Cardinale Oreste Giorgi  Oreste Giorgi (Valmontone, 19 maggio 1856- Valmontone, 30 gennaio 1924) fu un grande protagonista della storia moderna di Valmontone, insigne teologo e giurista affermato. Studiò presso il seminario di Segni e si perfezionò nel Collegio Panfiliano Romano laureandosi in Filosofia, Teologia e in Utroque Jure.
Insegnò per diversi anni Teologia presso il Pontificio Seminario Romano che abbandonò per avviarsi alla carriera diplomatica: fu avvocato presso le sacre Congregazioni Romane, Uditore e Sotto- segretario della Sacra Congregazione dei Vescovi e Regolari, Uditore della Sacra Rota e infine Segretario della Sacra Congregazione del Concilio.
Il 4 dicembre 1916 fu ordinato Cardinale da papa Benedetto XV.
Morì il 30 gennaio 1924; le sue ceneri riposano all’interno della piccola cappella di destra della Collegiata.Umberto Pilozzi Umberto Pilozzi (Valmontone, 27 ottobre 1899- Valmontone, 4 novembre 1924) di umili origini, figlio di contadini, partecipò attivamente alla Grande Guerra come uno dei “ragazzi del ‘99”. L’esperienza atroce al fronte non minò il suo carattere allegro, focoso e incline al canto, una delle sue passioni insieme alla politica, essendo iscritto al partito comunista.

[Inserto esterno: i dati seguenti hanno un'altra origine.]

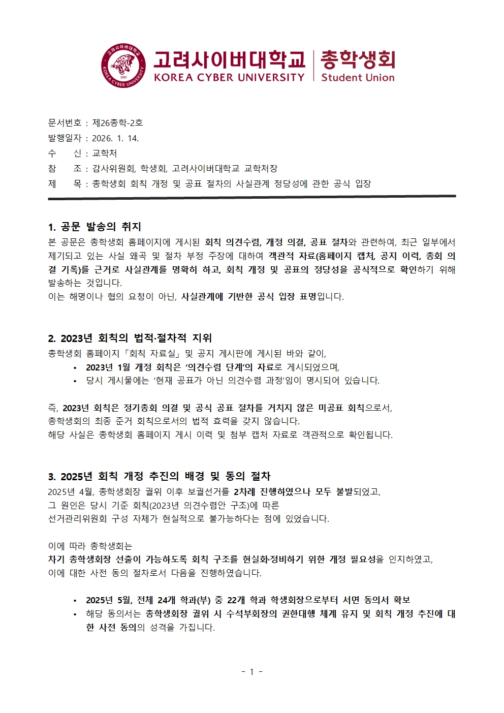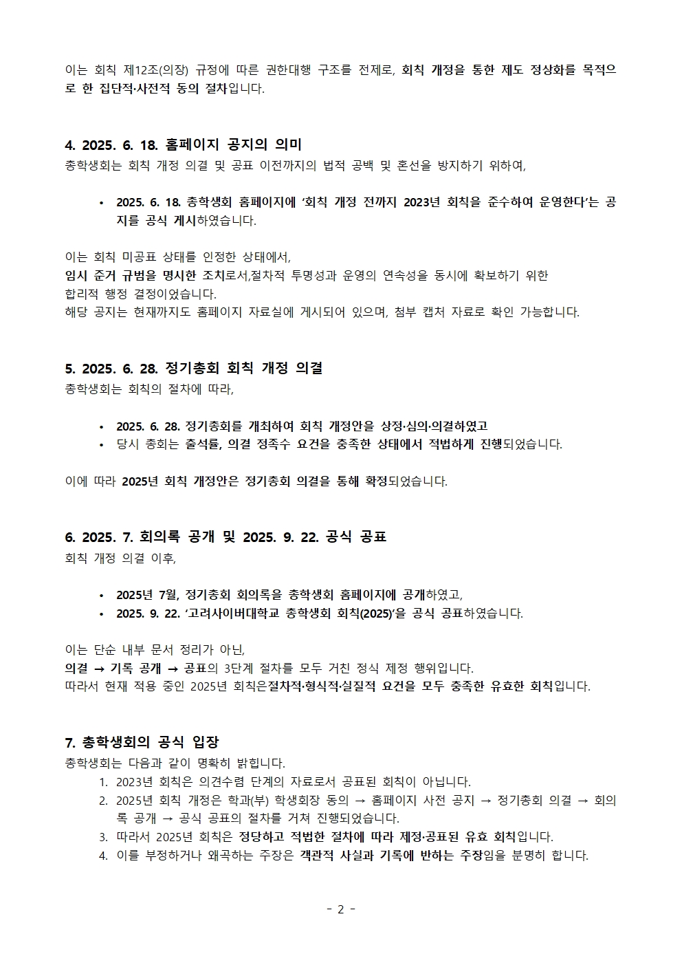 회칙 개정 및 공표 절차의 사실관계 정당성에 관한 공식 입장

Il 4 novembre 1924 ci fu uno scontro tra due cortei che partecipavano alla sfilata per l’anniversario della vittoria italiana nella Grande Guerra, l’uno dei combattenti e reduci italiani che portavano il Tricolore e l’altro delle camicie nere con il gagliardetto fascista. A terra rimaneva, esanime, il giovane Umberto Pilozzi di soli 25 anni. Sebbene la sua morte non risulti registrata nel Libro dei Morti della Collegiata né su quello di S. Stefano, la sua memoria vive nella dedica della Piazza che la cittadinanza ha intitolato a suo nome e nelle lapidi poste sul luogo della sua morte.
“Sulle rovine di Valmontone, non lungi dal luogo ove cadde assassinato dai fascisti il compagno U. Pilozzi, i suoi vecchi compagni che con lui tentavano di arginare l’orda dei futuri distruttori della Patria, i nuovi compagni e la cittadinanza in quest’alba di resurrezione questa lapide posero a memoria dei posteri, a monito degli immemori. Addì 10-12-1944”
“Nel 50° anniversario della barbara uccisione di Umberto Pilozzi il comitato antifascista di Valmontone ne ricorda la figura a monito imperituro. 4-11-1974”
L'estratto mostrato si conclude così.